■ Work to complete
Return exactly the lines below, starting with the one that has "Ready for your" and going on through the one that has "Premium Pure Cotton".

■ Exercise data
*** Begin section ***

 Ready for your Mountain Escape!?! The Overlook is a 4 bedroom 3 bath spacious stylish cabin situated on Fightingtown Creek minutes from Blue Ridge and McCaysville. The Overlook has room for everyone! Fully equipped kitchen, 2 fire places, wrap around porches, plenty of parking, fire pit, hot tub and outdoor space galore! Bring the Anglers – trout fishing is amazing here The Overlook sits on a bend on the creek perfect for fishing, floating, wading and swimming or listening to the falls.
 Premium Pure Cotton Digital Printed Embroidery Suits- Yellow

*** End section ***
*** Begin section ***

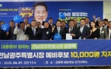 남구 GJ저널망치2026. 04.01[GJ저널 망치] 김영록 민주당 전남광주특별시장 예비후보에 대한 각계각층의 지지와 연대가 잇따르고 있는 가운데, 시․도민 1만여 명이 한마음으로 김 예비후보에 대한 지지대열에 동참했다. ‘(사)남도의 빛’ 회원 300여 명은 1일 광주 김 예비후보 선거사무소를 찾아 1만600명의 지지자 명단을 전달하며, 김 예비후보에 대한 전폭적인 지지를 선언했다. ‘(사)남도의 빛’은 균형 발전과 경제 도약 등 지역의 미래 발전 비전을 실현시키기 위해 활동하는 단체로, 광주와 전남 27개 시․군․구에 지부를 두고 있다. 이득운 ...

*** End section ***

■ Output of the task
 Ready for your Mountain Escape!?! The Overlook is a 4 bedroom 3 bath spacious stylish cabin situated on Fightingtown Creek minutes from Blue Ridge and McCaysville. The Overlook has room for everyone! Fully equipped kitchen, 2 fire places, wrap around porches, plenty of parking, fire pit, hot tub and outdoor space galore! Bring the Anglers – trout fishing is amazing here The Overlook sits on a bend on the creek perfect for fishing, floating, wading and swimming or listening to the falls.
 Premium Pure Cotton Digital Printed Embroidery Suits- Yellow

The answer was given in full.